Mathematica surprisingly doesn't have a built in find shortest path function for unspecified ends. We do however have FindShortestTour.

I was unimpressed by stack exchanges recommendation of 'try most possibilities'.

A shortest path is essentially a shortest tour where we visit an extra point once. This extra has to be equidistant from all the actual points, so that the path can begin and end anywhere. Visiting the extra must be prohibitively costly, such that it's never a short cut between our actual points. Then at the end we cut the extra out so we have a path through our points, rather than the returned cycle.

As FindShortestTour takes custom distance functions, we can build a function like this easily. Notably this is faster than constructing and computing the graph equivalent.

This code specifies a distance function that is euclidean for numeric coordinates, and 10^10 for symbolic coordinates (appropriate for my application). This distance function is used to find the shortest cycle through a set of points and a symbolic extra, and then the result is cut back to the shortest path.

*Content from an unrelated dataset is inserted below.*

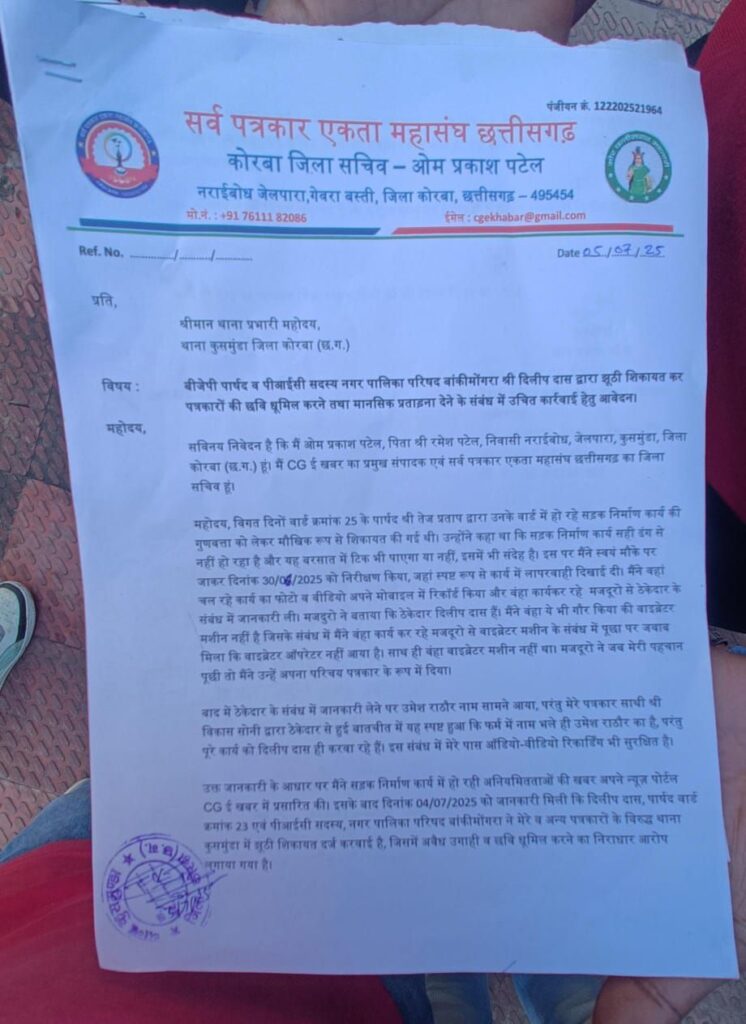 छत्तीसगढ़/कोरबा नगर पालिका परिषद बांकीमोंगरा के भाजपा पार्षद व पीआईसी सदस्य दिलीप दास द्वारा पत्रकारों पर झूठा आरोप लगाने और मानसिक प्रताड़ना देने का मामला गरमा गया है । पत्रकारों ने कुसमुंडा थाना पहुंचकर उनके खिलाफ कानूनी कार्रवाई की मांग को लेकर लिखित शिकायत कराई है ।

PuncturedDistance[a_, b_] := 
 If[And[NumericQ[a[[1]]], NumericQ[b[[1]]]], EuclideanDistance[a, b], 
  If[Xor[NumericQ[a[[1]]], NumericQ[b[[1]]]], 10^10, 0]]
findShortestTour[set_] := (
  tour = FindShortestTour[Append[set, {p}], 
    DistanceFunction -> PuncturedDistance][[2]];
  Join[tour[[ Position[tour, Length[set] + 1][[1, 1]] + 1 ;;]],
    tour[[2 ;; Position[tour, Length[set] + 1][[1, 1]] - 1]]])
POSTED BY: David Gathercole
7 Replies

I was less than clear. I tried it using the set of vertex coordinates from CompleteGraph[6] (which are just points in the plane). Also I should add that the hang I encountered is due to a bug at our end, which I have reported.

POSTED BY: Daniel Lichtblau
Posted 9 years ago

Here, edge weights are distances between vertices, not vertex coordinates. You could set EdgeWeights instead of setting DistanceFunction.

POSTED BY: Jaebum Jung

!!

As in my other reply, I was working to get FHP functionality on a set of Euclidean points. Further, I don't think my copy of Mathematica has FHP, my googling had specified FHP as a long standing omission.

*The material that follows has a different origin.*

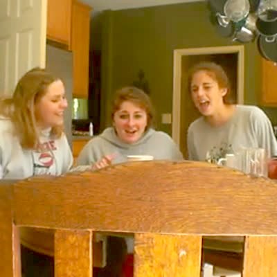 3 teen girls sing a song to the tune of "My Girl" about their dad at the dinner table. Girl falls when she walks up to camera to turn it off. Her sister laughs and milk snot comes out of her nose.

POSTED BY: David Gathercole

I put this together needing a FindShortestTour equivalent for points in Euclidean space. Clearly that route blinded me to FSTs conventional use in a graph context! This is completely untested on graphs and likely doesn't work.

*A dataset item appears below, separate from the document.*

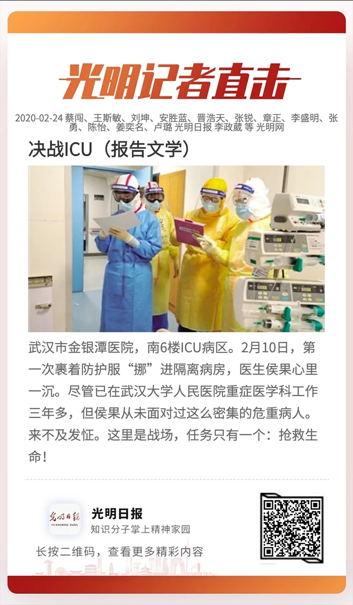 光明日报武汉一线报道组报道《我,走出方舱医院》海报

In the Euclidean context, p is an unspecified (non numeric) symbol, which triggers the exception in the distance metric.

POSTED BY: David Gathercole

What is p? Should it be something like {10^10,10^10} (assuming vertices have coordinates substantially smaller in magnitude than that)?

I should add that every variation of this example I have tried hangs on the vertex set from CompleteGraph[6]. What examples were used in testing this code?

POSTED BY: Daniel Lichtblau

The original post and this response are both interesting. The use of set needs some clarification though. Here is my understanding: it is intended to be the list of vertex coordinates.

set = 
 VertexCoordinates /. 
  AbsoluteOptions[CompleteGraph[6], VertexCoordinates]

(* Out[161]= {{-0.866025403784, 
  0.5}, {-0.866025403784, -0.5}, {3.82856869893*10^-16, -1.}, \
{0.866025403784, -0.5}, {0.866025403784, 0.5}, {1.83697019872*10^-16, 
  1.}} *)

FindHamiltonianPath[CompleteGraph[6], 
 DistanceFunction -> (EuclideanDistance[set[[#1]], set[[#2]]] &)]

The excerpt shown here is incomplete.